Dans son troisième long métrage, Je verrai toujours vos visages, Jeanne Herry livre une observation intelligente et humaniste de la justice restaurative
Depuis 2014, en France, la justice restaurative propose à des personnes victimes et aux auteurs d’infraction de dialoguer dans des dispositifs sécurisés, encadrés par des professionnels et des bénévoles comme ici, Fanny (Suliane Brahim), Michel (Jean-Pierre Darroussin) ou Judith (Elodie Bouchez), juriste qui traite le dossier de Chloé Delarme (Adèle Exarchopoulos), abusée par son demi-frère dans son enfance. La justice restaurative se définit tout d’abord par sa finalité, à savoir la réparation du mal subi et des dommages causés par l’infraction. Lors des médiations pénales et des dialogues restauratifs entre auteurs de délits et victimes, l’attention se focalise non pas sur la transgression de la loi, mais sur les conséquences concrètes de l’acte délictueux.
Nassim (Dali Benssalah), Issa, et Thomas (Fred Testot), condamnés pour vols avec violence, Grégoire (Gilles Lellouche), Nawelle (Leïla Bekhti) et Sabine (Miou-Miou), victimes de homejacking, de braquages et de vol à l’arraché, mais aussi Chloé, victime de viols incestueux, s’engagent tous dans des mesures de justice restaurative. Leur parcours est jalonné de la colère, d’incompréhension et d’espoir, de silences nécessaires et de mots, d’alliances inattendues et de déchirements, de prises de conscience avant d’atteindre une confiance retrouvé. Et au bout du chemin, parfois, la réparation…
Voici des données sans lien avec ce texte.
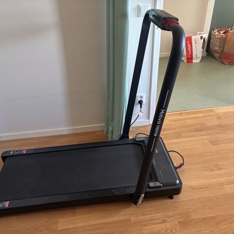 Löpband med hopfällbar konstruktion för användning inomhus. Utrustat med räcke och hållare framtill, samt elanslutning via vägguttag. Gång- och löpytan är rak och maskinen kan fällas ned för platsbesparande förvaring när den inte används. Passar för enklare träning och motion i hemmet.
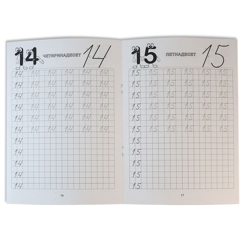 Съставена е от 32 страници, като първата съдържа указания за изписването на знаците плюс, минус, равно, по-голямо и по-малко ( +,-,=, >, <) чрез контури, а следващите съдържат указания за изписването на числата от 0 до 30. Най-отгоре всяко число е изписано и с думи и е изобразено по два начина- забавен (числата са представени като усмихнати, живи фигурки) и обикновен.
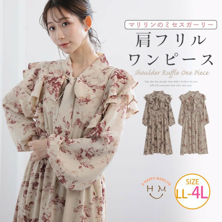 ミセスガーリー 肩フリルワンピース
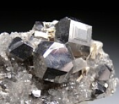 Highly lustrous metallic Carrollite crystals on matrix with small Quartz and Calcite crystals. The crystals reach 1cm in size and are undamaged with top luster. This is a highly aesthetic older piece I've had for about 20 years and am releasing for sale now for the first time.
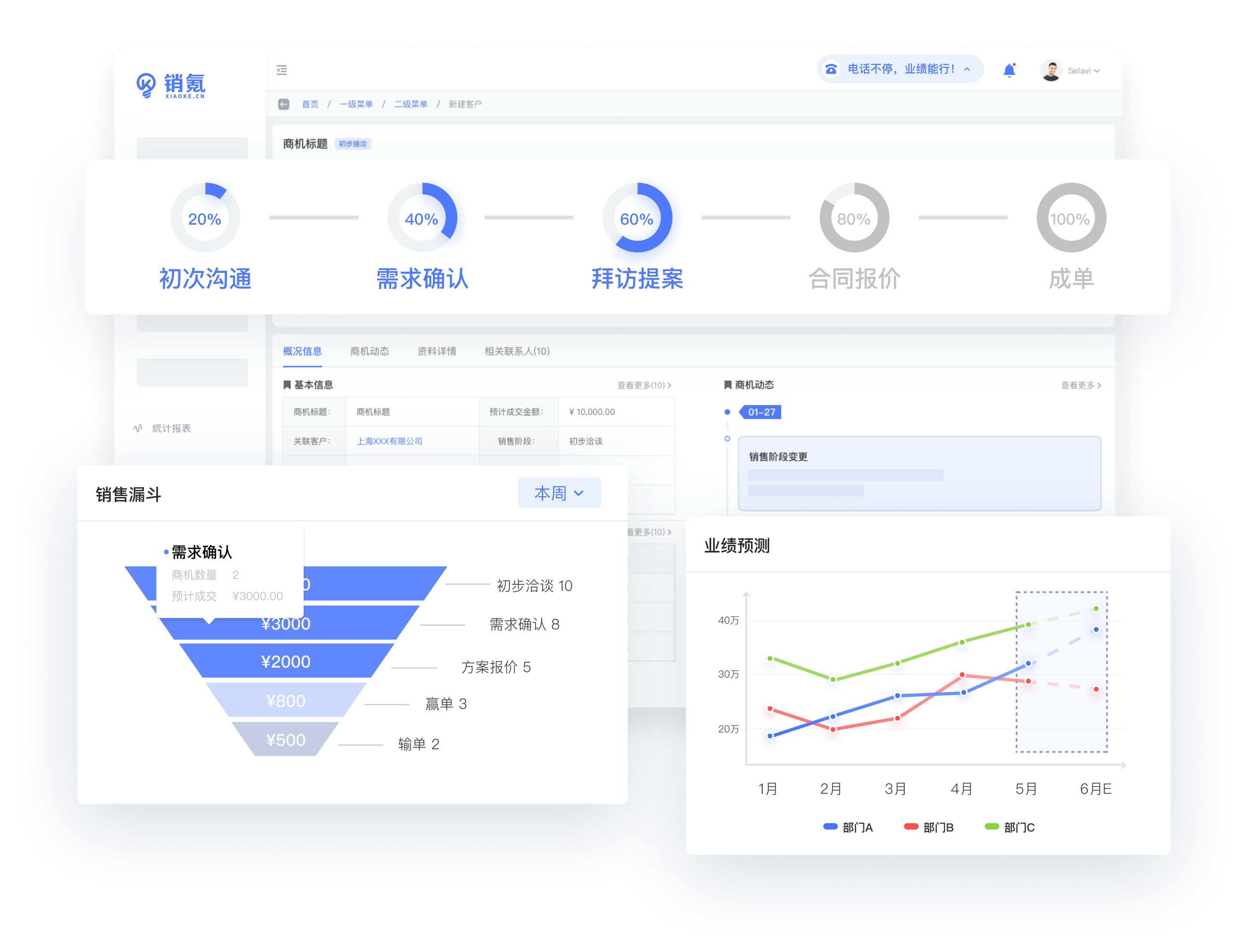 销售漏斗分析: 全局客户漏斗分析,可视化所有商机状态分布,洞悉问题环节
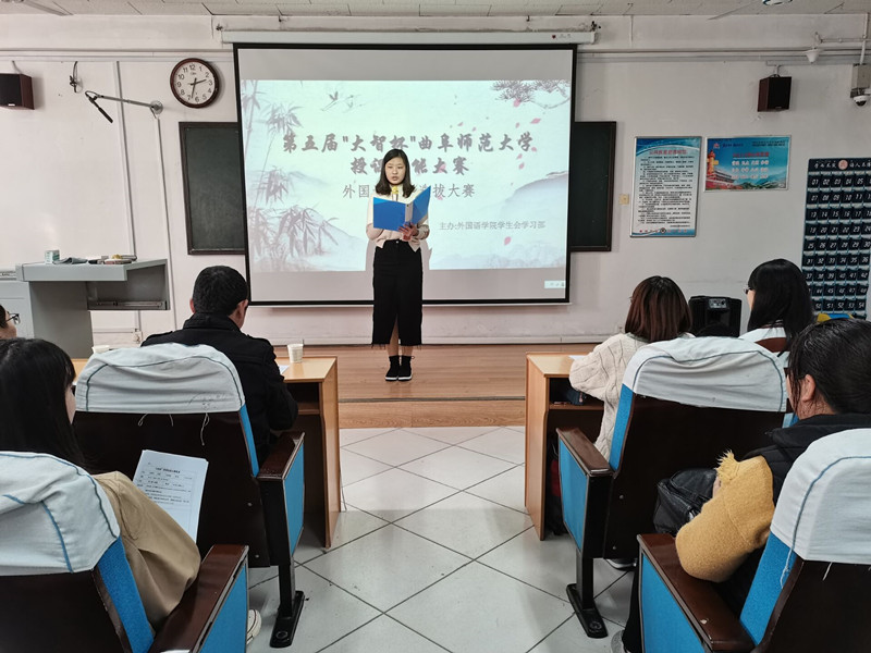 伴随着选手和观众的热烈掌声,本次选拔大赛正式开始。选手们上交教案后进行2分钟的说课和8分钟的授课,并且通过PPT、板书和提问等方式凸显出各自的教学特色和教学方法。其中,选手侯亚男讲课语言流利,讲课清晰条理,课件内容丰富有趣,有效互动吸引学生注意力,巧妙进行情感升华,展现出扎实的专业教学技能。在选手展示完毕后,本次大赛的评委王莉老师耐心地从教学技巧、课堂用语、课件展示、情感提升等方面给同学们提出专业的指导意见。经过激烈的角逐,肖旸、侯亚男两位选手获得一等奖,同时代表暗网禁区

Si les médiations restauratives ne peuvent pas, bien évidemment, être filmées, le film de Jeanne Herry amène le public à se les représenter et à percevoir combien la justice restaurative permet un espace de dialogue entre les personnes impliquées, offrant la possibilité de se questionner et d’entendre le point de vue de chaque personne. C’est cette perspective qu’explore Jeanne Herry dans Je verrai toujours vos visages. Après Pupille (2018), la cinéaste poursuit son travail sur des sujets qui l’intéressent tout particulièrement : le fonctionnement du cerveau et le milieu de la justice. Ayant toujours nourri une passion pour les faits divers, les procès, les grandes figures du banditisme, les ténors du barreau, Jeanne Herry a été intriguée, puis rapidement captivée par la justice restaurative. C’est en particulier le processus de réparation qu’elle observe finement dans son troisième long métrage. Tout comme pour Pupille, on perçoit combien la cinéaste s’est documentée afin de mettre en lumière de manière explicite une facette de notre société encore méconnue et qui propose des outils porteurs d’espoir.
Mettant en scène des rencontres détenus-victimes autour des vols avec violence et, pour certains, avec armes, Jeanne Herry montre une problématique sociale et sociétale qui fait, malheureusement, partie des faits divers quotidiens mais dont la majeure partie des personnes mésestiment les conséquences psychologiques et physiques sur les victimes tant qu’elles ne sont pas concernées. Pour Je verrai toujours vos visages, Jeanne Herry convoque plusieurs comédien.nes qu’elle a déjà fait tourner dans Pupille comme Elodie Bouchez, Gilles Lellouche et sa mère Miou-Miou.
La réalisatrice a choisi de s’appuyer sur la force des mots et d’éviter toute scène démonstrative: par exemple, le témoignage de Sabine qui raconte comment un jeune en scooter qui lui arrache son sac suffit à comprendre son traumatisme. Le public se fait lui-même ses propres images grâce au poids des mots et de l’excellent jeu des comédiennes et de comédiens. Mais, parfois, les mots sont superflus et le langage non verbal permet d’exprimer encore plus…Jeanne Herry dépeint avec justesse l’évolution des personnages en décrivant la réhabilitation des victimes comme des coupables sans ne jamais porter de jugement.
Bouleversant, poignant, Je verrai toujours vos visages permet au public d’observer et de comprendre ; on ressort de la projection en ayant grandi et en ayant appris. Par le biais de l’observation de la réhabilitation, Jeanne Herry place l’humain au centre de son propos et le filme dans ses nombreuses contradictions, ouvrant la perspective à tous les possibles. On espère qu’en Suisse, La justice restaurative – ou justice réparatrice – puisse faire son entrée dans le Code de procédure pénale. Pour l’instant, c’est la justice punitive qui reste privilégiée par le système helvétique.